I don't recall right now if this IRQ is something that exists for all
DWC instantiations, or is Tegra-specific.
+ struct dw_pcie_ep *ep = &(pci->ep);
+ int i;
+
+ ep->hw_regs_not_available = false;
This can race with epc_ops.
+
+ dw_pcie_ep_write_header_regs(ep);
+ for_each_set_bit(i, ep->ib_window_map, ep->num_ib_windows) {
+ dw_pcie_prog_inbound_atu(pci, i,
+ ep->cached_inbound_atus[i].bar,
+ ep->cached_inbound_atus[i].cpu_addr,
+ ep->cached_inbound_atus[i].as_type);
Depending on the context in which this function is invoked, programming
inbound/outbound ATU can also race with EPC ops.
>
+ dw_pcie_ep_set_bar_regs(ep, 0, ep->cached_inbound_atus[i].bar);
+ }
+ for_each_set_bit(i, ep->ob_window_map, ep->num_ob_windows)

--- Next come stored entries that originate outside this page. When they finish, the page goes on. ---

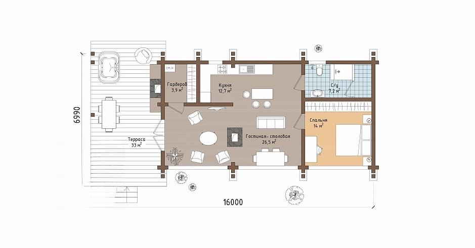 Дом «Фаворит» - это небольшое по размерам, но великое по комфорту строение: посмотрите, одна терраса чего стоит! Что на ней только не расположишь - квадратные метры открывают возможности для создания уюта, как с картинки. Попадая в дом, мы видим гостиную-столовую, которая так и манит задержаться здесь подольше и насладиться уютом. Что удобно - рядом со входом в дом располагается гардероб. Кухня хоть и отделена от гостиной-столовой, но открытость пространства сохраняется. В доме всего одна средних размеров спальня и один санузел.- Площадь: 97
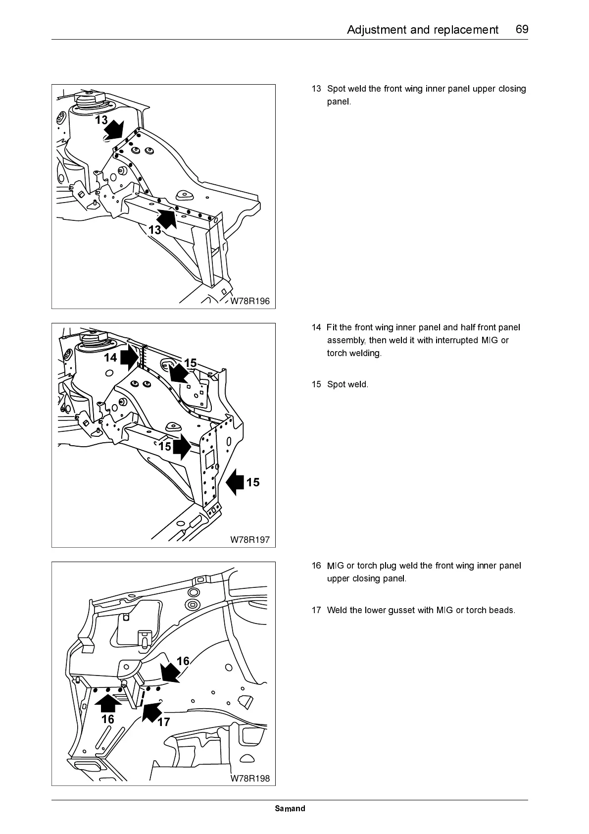 13 Spot weld the front wing inner panel upper closing
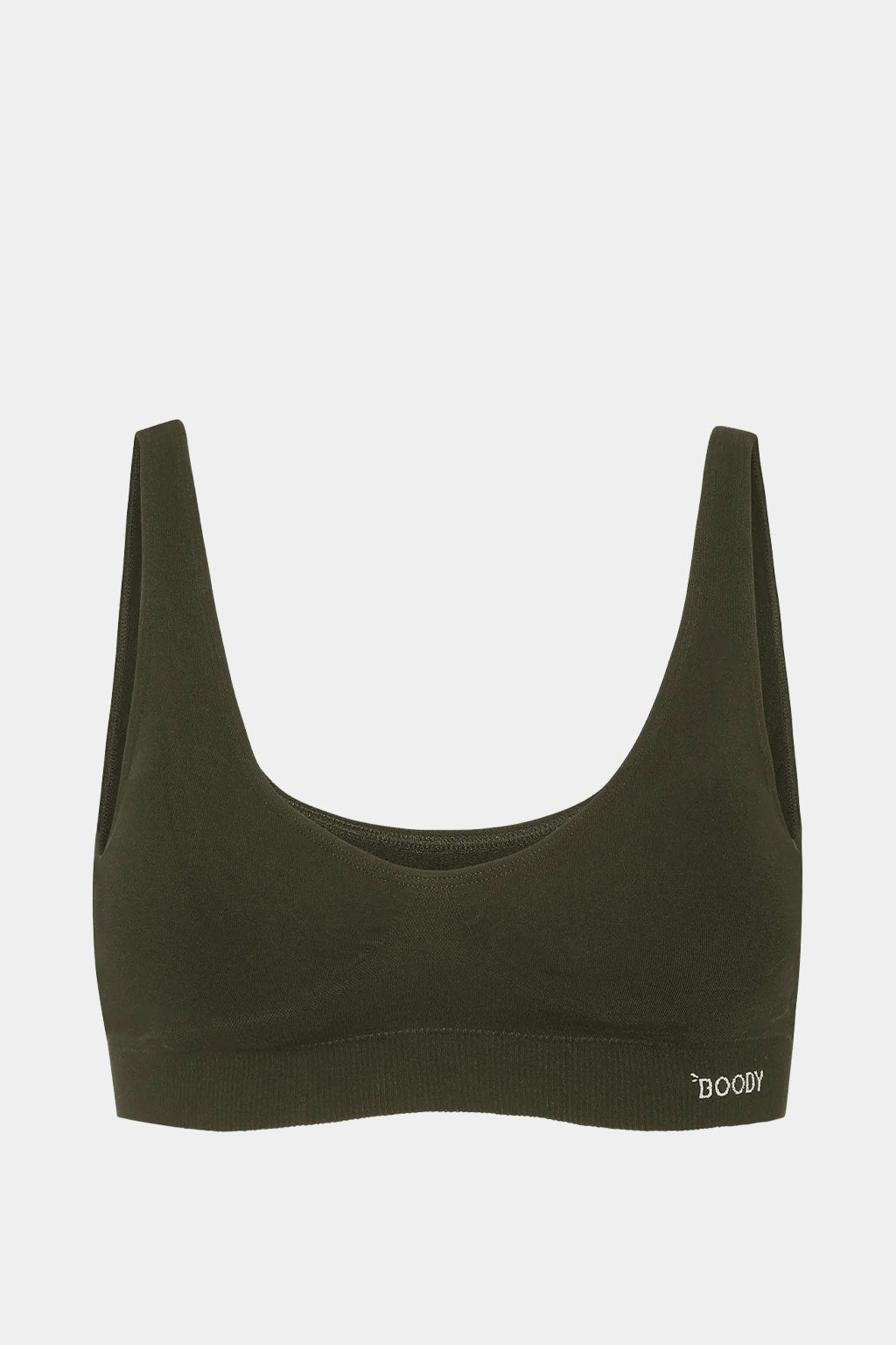 The Boody Padded Shaper Crop Bra offers wire-free design for maximum comfort. With smooth and lightly padded removable cups, it prevents nipple visibility and provides soft contour ribbing for light-medium support (up to a DD-cup). The non-adjustable, wide fabric straps ensure shoulder comfort and the easy pull-on style, along with four-way stretch and seamfree design, offer a flexible, comfy and effortless fit.
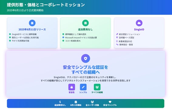 本機能は2025年6月11日より、SingleIDサービスに標準機能として搭載され、追加費用なしでご利用いただけます。なお、Microsoft Intuneライセンスは別途必要となります。
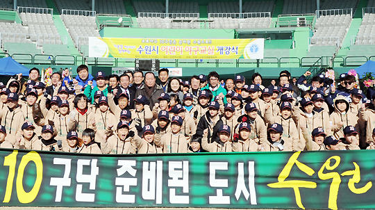 수원시는 지난해부터 초등학생 3~6학년을 대상으로 회원을 모집해 11일 수원구장에서 염태영 수원시장을 비롯해 김인식 감독, 양준혁 야구스타등 많은 야구관계자가 참석한 가운데 개강식을 개최하고 본격적인 프로그램 운영에 들어갔다.
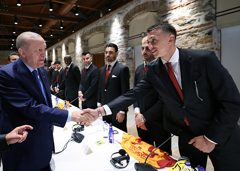 Başkan Recep Tayyip Erdoğan, Galatasaray futbol takımı oyuncularını ve teknik heyeti, Dolmabahçe Çalışma Ofisi'nde kabul etti. Başkan Erdoğan sarı kırmızılı oyuncuları tek tek tebrik ederken Victor Osimhen Başkan Erdoğan'a forma hediye etti.

+ dw_pcie_prog_outbound_atu(pci, i, PCIE_ATU_TYPE_MEM,
+ ep->cached_outbound_atus[i].addr,
+ ep->cached_outbound_atus[i].pci_addr,
+ ep->cached_outbound_atus[i].size);
+ dw_pcie_dbi_ro_wr_en(pci);
+ dw_pcie_writew_dbi(pci, PCI_MSI_FLAGS, ep->cached_msi_flags);
+ dw_pcie_writew_dbi(pci, PCI_MSIX_FLAGS, ep->cached_msix_flags);
+ dw_pcie_dbi_ro_wr_dis(pci);
IMHO we should add a new epc ops ->epc_init() which indicates if the
EPC is
ready to be initialized or not. Only if the epc_init indicates it's
ready to be
initialized, the endpoint function driver should go ahead with further
initialization. Or else it should wait for a notification from EPC to
indicate
when it's ready to be initialized.
(Did you mean epf op or epc op?)
I'm not sure how exactly how that would work; do you want the DWC core
driver or the endpoint subsystem to poll that epc op to find out when
the HW is ready to be initialized? Or do you envisage the controller
driver still calling dw_pcie_set_regs_available() (possibly renamed),
which in turn calls ->epc_init() calls for some reason?
If you don't want to cache the endpoint configuration, perhaps you want:
a) Endpoint function doesn't pro-actively call the endpoint controller
functions to configure the endpoint.
b) When endpoint HW is ready, the relevant driver calls pci_epc_ready()
(or whatever name), which lets the core know the HW can be configured.
Perhaps this schedules a work queue item to implement locking to avoid
the races you mentioned.
c) Endpoint core calls pci_epf_init() which calls epf op ->init().
One gotcha with this approach, which the caching approach helps avoid:
Once PEXRST is released, the system must respond to PCIe enumeration
requests within 50ms. Thus, SW must very quickly respond to the IRQ
indicating PEXRST release and program the endpoint configuration into
HW. By caching the configuration in the DWC driver and
immediately/synchronously applying it in the PEXRST IRQ handler, we
reduce the number of steps and amount of code taken to program the HW,
so it should get done pretty quickly. If instead we call back into the
endpoint function driver's ->init() op, we run the risk of that op doing
other stuff besides just calling the endpoint HW configuration APIs
(e.g. perhaps the function driver defers memory buffer allocation or
IOVA programming to that ->init function) which in turns makes it much
less likely the 50ms requirement will be hit. Perhaps we can solve this
by naming the op well and providing lots of comments, but my guess is
that endpoint function authors won't notice that...
Kishon,
Do you have any further details exactly how you'd prefer this to work?
Does the approach I describe in points a/b/c above sound like what you
want? Thanks.